This problem is really a question of your storage backend; Can it handle 2000 random seeks per second (technically you'll need 3-5 seeks for each update, plus 3 writes: undo, redo, data).
Re:A commercial RDMS can cut it by marat · 2005-05-14 02:47 · Score: 1

This is pointless. We are talking about efficient hardware management, of course any database can parse 2000 requests per second. Why use the wrong tool and compensate it with expensive hardware?

And BTW why do you think messing with database connections would be easier than doing it manually? I did this things in REXX (read Perl), it takes about hundred lines for all.
Re:A commercial RDMS can cut it by Anonymous Coward · 2005-05-14 03:04 · Score: 0

The commercial solution is called Tuxedo
Re:A commercial RDMS can cut it by gvc · 2005-05-14 03:56 · Score: 4, Interesting

"Can [the storage backend] handle 2000 random seeks per second?"

The short answer is "no."

A 10,000 RPM disk has a period of 6 mSec. That's 3 mSec latency on average for random access (not counting seek time or the fact that read-modify-write will take at least 3 times this long: read, wait one full rotation, write).

So one disk can do, as a generous upper bound, 333 random accesses per second. I'll spare you the details of the Poisson distribution, but if you managed to spread these updates randomly over a disk farm, you'd need about 2000/333*e = 16 independent spindles.

The trick to high throughput is harnessing, and creating, non-randomness. You can do a much better job of this with a purpose-built solution.
Re:A commercial RDMS can cut it by Nutria · 2005-05-15 02:07 · Score: 1
So one disk can do, as a generous upper bound, 333 random accesses per second.
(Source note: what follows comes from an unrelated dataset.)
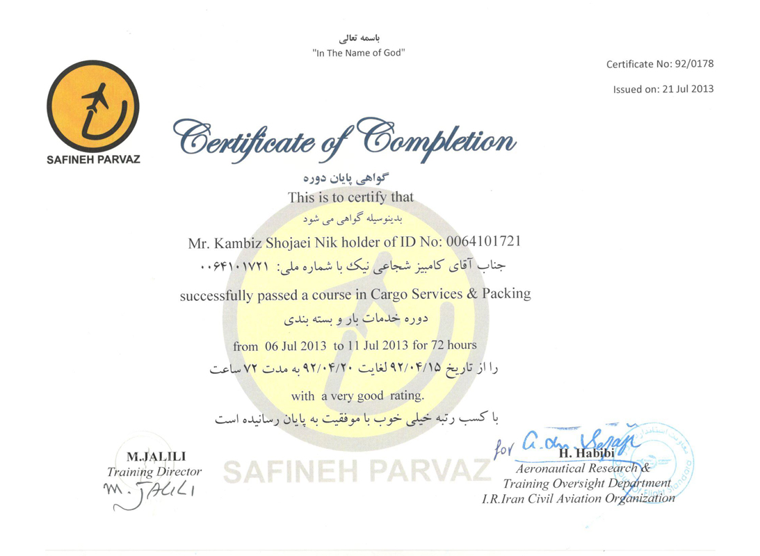 Cargo services & packing course certificate
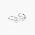 Orecchini da donna a monachella in argento rodiato con perle coltivate e zirconi bianchi:

I'll spare you the details of the Poisson distribution, but if you managed to spread these updates randomly over a disk farm, you'd need about 2000/333*e = 16 independent spindles.

You seem to be presuming that there's no:
1. database caching on the host,
2. intelligent flushing by the RDBMS,
3. Tagged Command Queueing &
4. caching at the SCSI or SAN level
--
"I don't know, therefore Aliens" Wafflebox1
Re:A commercial RDMS can cut it by gvc · 2005-05-15 02:23 · Score: 1

If the accesses are really random, caching will do no good. As you'll note, my computations already assume no seek time, so reordering to shorten seeks won't improve it. The only way caching could help is if it were to accumulate adjacent sectors for writing. There won't be many of those unless the cache is nearly as big as the database.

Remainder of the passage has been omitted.